_Aim of the exercise:_
Take from the entries below the stretch from the line with "الكويت تعيد تسيير" through the line with "Генератор ГАЗ/бензиновий GENERGY", and return it exactly, leaving the pictures out.

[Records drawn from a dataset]
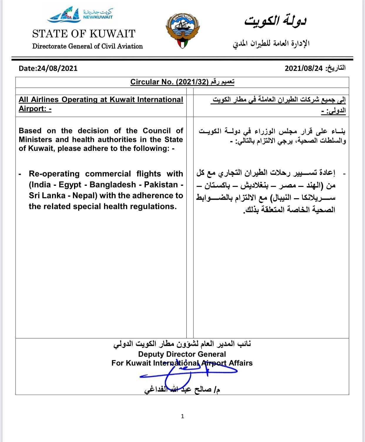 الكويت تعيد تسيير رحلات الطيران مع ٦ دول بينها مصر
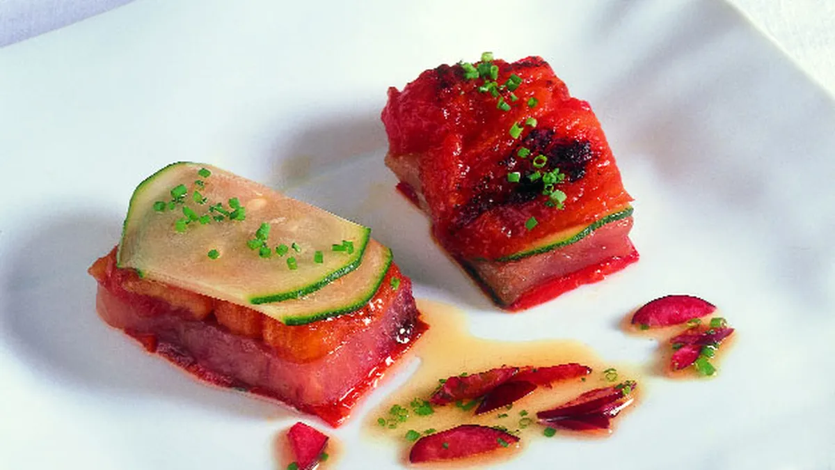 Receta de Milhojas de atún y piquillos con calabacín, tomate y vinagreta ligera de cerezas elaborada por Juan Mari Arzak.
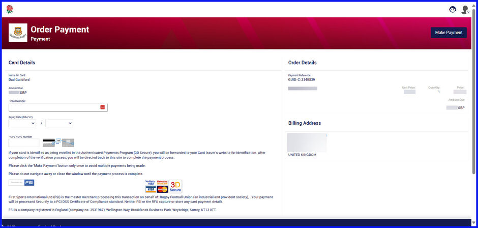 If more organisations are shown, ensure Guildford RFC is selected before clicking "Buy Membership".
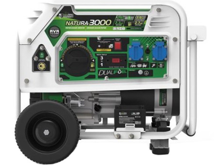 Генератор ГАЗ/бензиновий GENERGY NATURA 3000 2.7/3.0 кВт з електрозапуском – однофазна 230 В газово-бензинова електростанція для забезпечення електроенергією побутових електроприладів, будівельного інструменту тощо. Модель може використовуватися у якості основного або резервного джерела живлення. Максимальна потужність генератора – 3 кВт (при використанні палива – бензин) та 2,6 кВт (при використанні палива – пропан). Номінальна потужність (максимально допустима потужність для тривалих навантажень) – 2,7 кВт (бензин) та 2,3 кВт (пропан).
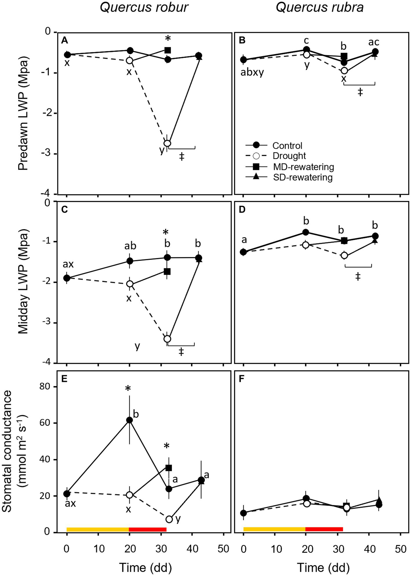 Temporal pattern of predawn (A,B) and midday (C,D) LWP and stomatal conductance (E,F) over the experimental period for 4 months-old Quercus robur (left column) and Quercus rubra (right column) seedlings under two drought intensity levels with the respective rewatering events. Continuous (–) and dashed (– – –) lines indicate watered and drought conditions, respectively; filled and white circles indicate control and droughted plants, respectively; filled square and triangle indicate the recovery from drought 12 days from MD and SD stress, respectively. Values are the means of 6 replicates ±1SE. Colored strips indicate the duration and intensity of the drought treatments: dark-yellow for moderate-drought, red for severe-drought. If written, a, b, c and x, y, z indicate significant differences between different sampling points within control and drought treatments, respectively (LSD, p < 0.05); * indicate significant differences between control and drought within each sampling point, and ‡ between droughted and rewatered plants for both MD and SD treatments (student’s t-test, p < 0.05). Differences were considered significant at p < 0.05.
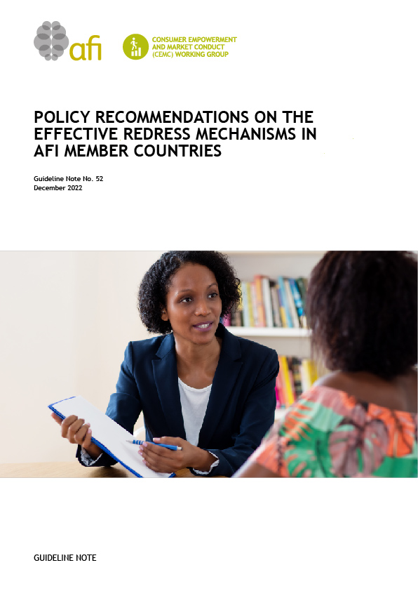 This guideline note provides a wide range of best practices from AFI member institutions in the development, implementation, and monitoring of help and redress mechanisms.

==

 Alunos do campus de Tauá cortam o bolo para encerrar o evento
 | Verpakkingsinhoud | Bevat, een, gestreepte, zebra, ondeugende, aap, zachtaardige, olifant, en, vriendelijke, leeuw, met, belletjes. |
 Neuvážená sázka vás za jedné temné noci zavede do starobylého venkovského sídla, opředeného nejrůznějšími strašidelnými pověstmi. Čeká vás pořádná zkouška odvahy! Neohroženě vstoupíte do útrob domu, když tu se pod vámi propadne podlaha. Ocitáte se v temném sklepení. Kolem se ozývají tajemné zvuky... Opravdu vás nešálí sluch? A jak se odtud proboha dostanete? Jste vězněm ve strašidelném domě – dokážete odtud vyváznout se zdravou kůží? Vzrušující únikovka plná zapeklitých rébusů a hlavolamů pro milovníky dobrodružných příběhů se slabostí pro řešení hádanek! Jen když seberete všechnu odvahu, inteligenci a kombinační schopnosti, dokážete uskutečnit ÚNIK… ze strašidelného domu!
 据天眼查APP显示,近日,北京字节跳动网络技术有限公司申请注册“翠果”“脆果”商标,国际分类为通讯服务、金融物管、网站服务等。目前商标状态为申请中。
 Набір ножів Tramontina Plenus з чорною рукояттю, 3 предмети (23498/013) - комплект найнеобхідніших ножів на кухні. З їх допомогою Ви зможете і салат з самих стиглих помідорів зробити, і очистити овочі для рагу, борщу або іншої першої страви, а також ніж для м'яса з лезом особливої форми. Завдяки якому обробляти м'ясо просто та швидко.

_Solution to this problem:_
 الكويت تعيد تسيير رحلات الطيران مع ٦ دول بينها مصر
 Receta de Milhojas de atún y piquillos con calabacín, tomate y vinagreta ligera de cerezas elaborada por Juan Mari Arzak.
 If more organisations are shown, ensure Guildford RFC is selected before clicking "Buy Membership".
 Генератор ГАЗ/бензиновий GENERGY NATURA 3000 2.7/3.0 кВт з електрозапуском – однофазна 230 В газово-бензинова електростанція для забезпечення електроенергією побутових електроприладів, будівельного інструменту тощо. Модель може використовуватися у якості основного або резервного джерела живлення. Максимальна потужність генератора – 3 кВт (при використанні палива – бензин) та 2,6 кВт (при використанні палива – пропан). Номінальна потужність (максимально допустима потужність для тривалих навантажень) – 2,7 кВт (бензин) та 2,3 кВт (пропан).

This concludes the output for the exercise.